In 1928, the owners of the gardens decided to convert the stadium for use as a speedway venue. It was already used at that time as a football ground for the Manchester Central F.C. The opening speedway meeting here was staged on 23 March 1929, when Arthur Franklyn won the Golden Helmet. Following the announcement that Stuart Bamforth had sold the stadium for redevelopment, the last speedway meeting was staged on 1 November 1987, when a double header took place. Firstly, Belle Vue defeated the Coventry Bees in a replay of the League Cup before losing to the Cradley Heath Heathens in the final league match ever raced at Hyde Road. Speedway returned to Belle Vue Greyhound stadium and remained there.
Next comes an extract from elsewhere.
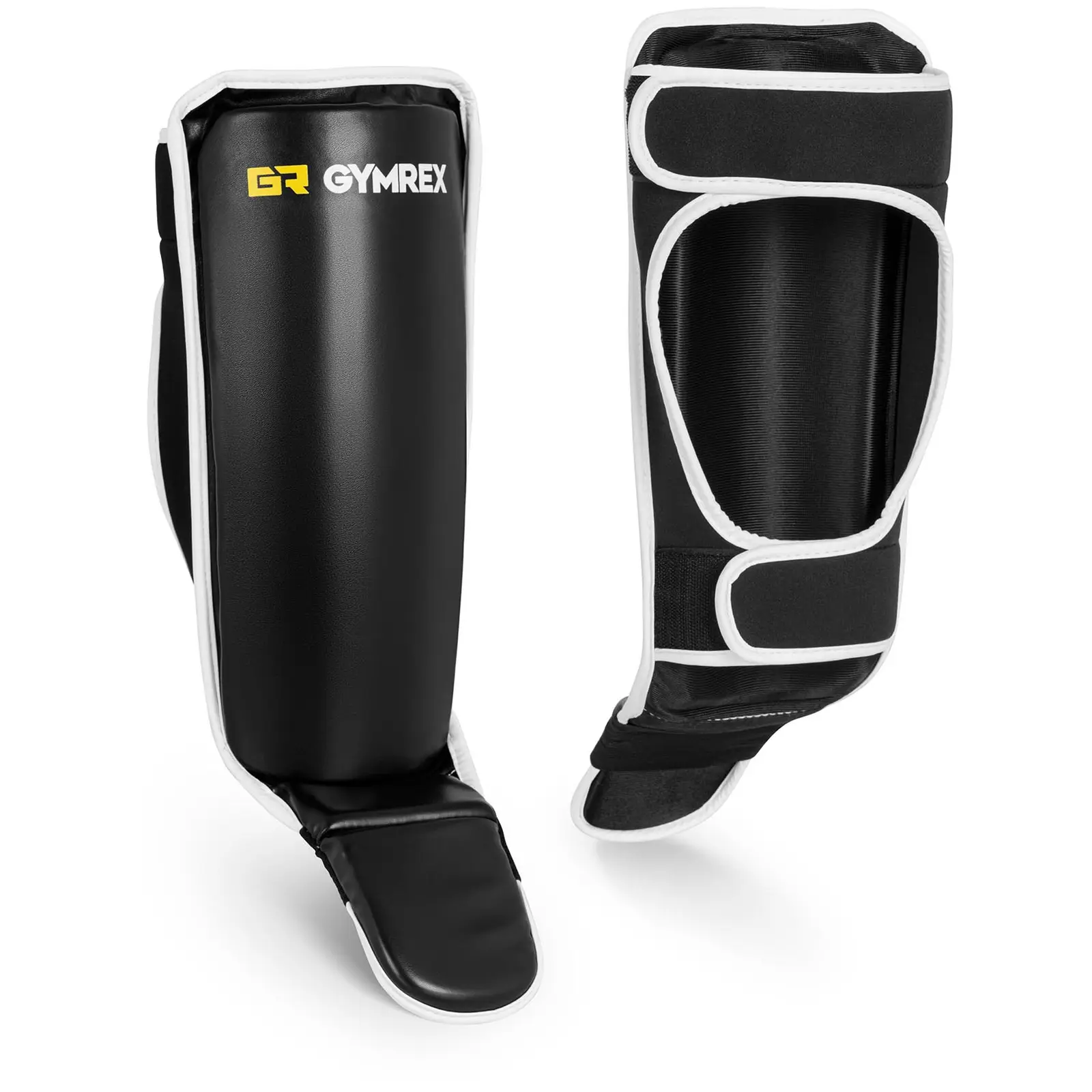 Täyttä toimintaa ilman kivuliaita mustelmia ja ruhjevammoja Gymrexin, korkealaatuisten nyrkkeilyvarusteiden asiantuntijoiden pehmeillä GR SG L/XL- säärisuojilla. Kaksi mustaa suojaa, joissa molemmissa on kolme kiinnityshihnaa, takaavat aina turvallisen pidon: joko teknisten, MMA:n, Muay Thain tai muiden kamppailutreenien aikana. Suunniteltaessa tätä kestävää ja siten kestävää L/XL-koon säärisuojaa huomio on kiinnitetty maksimaaliseen liikkuvuuteen parhaalla mahdollisella suojauksella. Polyuretaani, jonka materiaalipaksuus on 0,8 mm, ja täyte, joka on valmistettu monikerroksisesta EVA-materiaalista, takaa erinomaisen iskunvaimennuksen. Kovat potkut nyrkkeilyhanskoja, hiekkasäkkejä ja oikeita vastustajia vastaan pehmenevät samoin kuin vastustajalta tulevat estetyt potkut. Säärisuojat potkunyrkkeilyyn mukautuvat ergonomisesti säärien muotoon: Kolme leveää ja joustavaa hihnaa takaavat tukevan mutta mukavan istuvuuden. Kahdessa ylimmässä nauhassa on tarranauhakiinnitys, mikä auttaa suojia mukautumaan ihanteellisesti pohkeittesi muotoon, ettei mikään pääse liukumaan otteluiden tai treenien aikana. Vedä alaläppä jalkasi yli suojataksesi jalkapöytiäsi. Muut edut: tarrakiinnityksen ansiosta voit pukea säärisuojat päällesi ja riisua ne sekunneissa. Ja kun kehässä alkaa toden teolla tapahtua, hiki, veri ja sylki voidaan helposti ja nopeasti pyyhkiä helppohoitoisesta materiaalista kostealla liinalla.
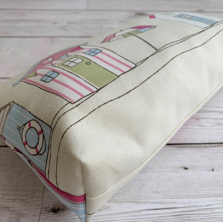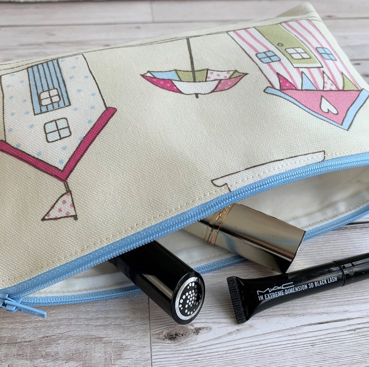 A beach themed make up bag in pleasant pastel coloured fabric. The pattern, in pastel shades of pink, blue, green and white on a cream background, features two beach huts with a parasol between them. The delightful pattern also features bunting, flags and an abundance of stripes and polka dots. The cosmetic bag fastens with a co-ordinating pale blue zip and is lined with cream fabric. The base of the bag is boxed giving lots of space inside.

Some of the more famous riders who rode at Hyde Road, either for international meetings, as a Belle Vue Ace, or as a visiting team rider include Speedway World Champions Jack Young, Peter Craven, Ronnie Moore, Ove Fundin, Barry Briggs, Ivan Mauger, Ole Olsen, Peter Collins, Anders Michanek, Egon Müller, Michael Lee, Bruce Penhall, Erik Gundersen, and Hans Nielsen.

The speedway at Hyde Road was 382 m in length.

The site of the old Hyde Road stadium is now the site of the British Car Auctions Ltd.

==Speedway World Finals==
Hyde Road hosted the Final of the World Pairs Championship in 1974 and 1977.

===World Pairs Championship===
- 1974 - SWE Sweden (Anders Michanek / Sören Sjösten) - 28pts
- 1977 - ENG England (Peter Collins / Malcolm Simmons) - 28pts

==Other sports use==
Several other sports used the ground including amateur soccer club, Manchester Central F.C., baseball, and the rugby league where Broughton Rangers crossed from Salford to play at Belle Vue from 1933 until the club's demise in 1955 having renamed as Belle Vue Rangers in 1946.